Aim of the exercise:
Look below for the line containing "CLAYPOT CHICKEN RICE" and the line containing "Kale showing at the SD State Fair", then set down both and every line between them exactly, without pictures.

Data for processing:
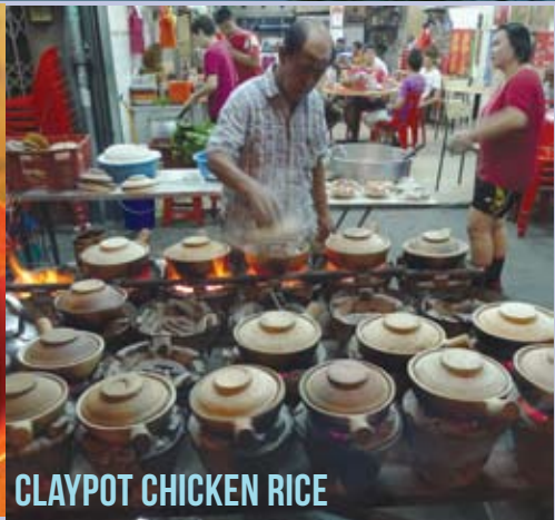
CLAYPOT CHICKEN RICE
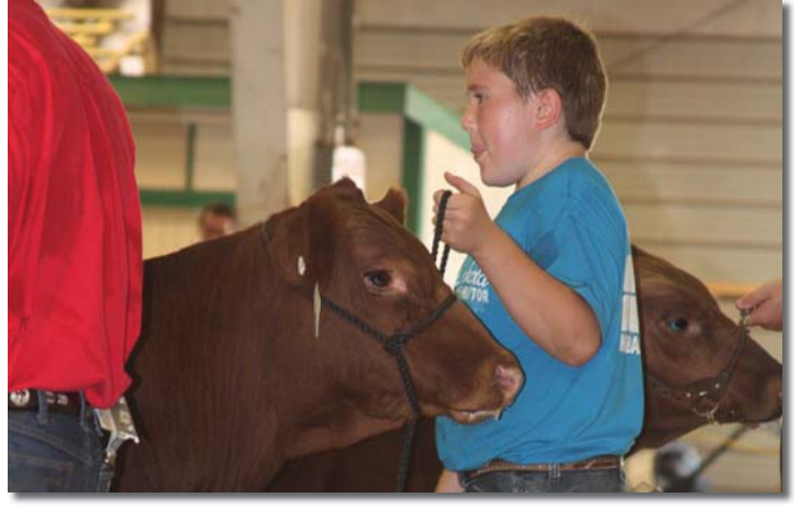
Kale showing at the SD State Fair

--

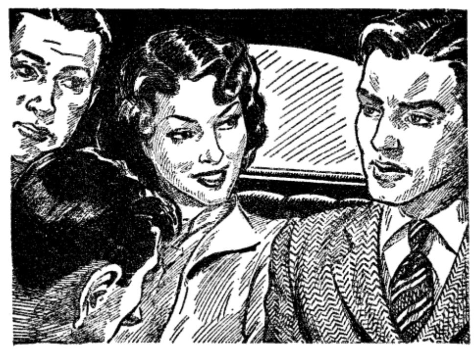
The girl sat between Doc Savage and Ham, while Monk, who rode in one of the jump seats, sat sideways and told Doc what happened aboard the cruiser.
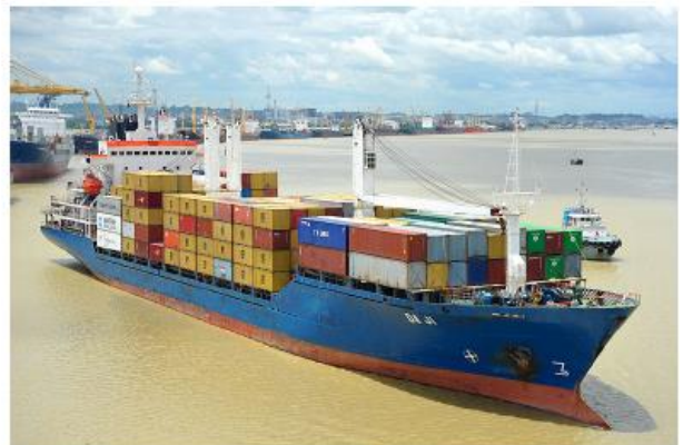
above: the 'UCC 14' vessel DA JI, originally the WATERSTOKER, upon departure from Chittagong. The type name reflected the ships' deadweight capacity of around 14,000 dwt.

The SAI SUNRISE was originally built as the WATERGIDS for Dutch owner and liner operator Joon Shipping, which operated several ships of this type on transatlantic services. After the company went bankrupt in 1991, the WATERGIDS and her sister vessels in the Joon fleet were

==

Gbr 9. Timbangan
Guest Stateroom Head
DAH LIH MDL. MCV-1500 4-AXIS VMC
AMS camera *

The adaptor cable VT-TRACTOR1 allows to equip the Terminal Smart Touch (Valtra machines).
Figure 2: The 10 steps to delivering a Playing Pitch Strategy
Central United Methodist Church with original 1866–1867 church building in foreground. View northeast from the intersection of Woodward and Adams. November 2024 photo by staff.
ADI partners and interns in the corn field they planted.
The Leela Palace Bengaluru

Task solution:
CLAYPOT CHICKEN RICE
Kale showing at the SD State Fair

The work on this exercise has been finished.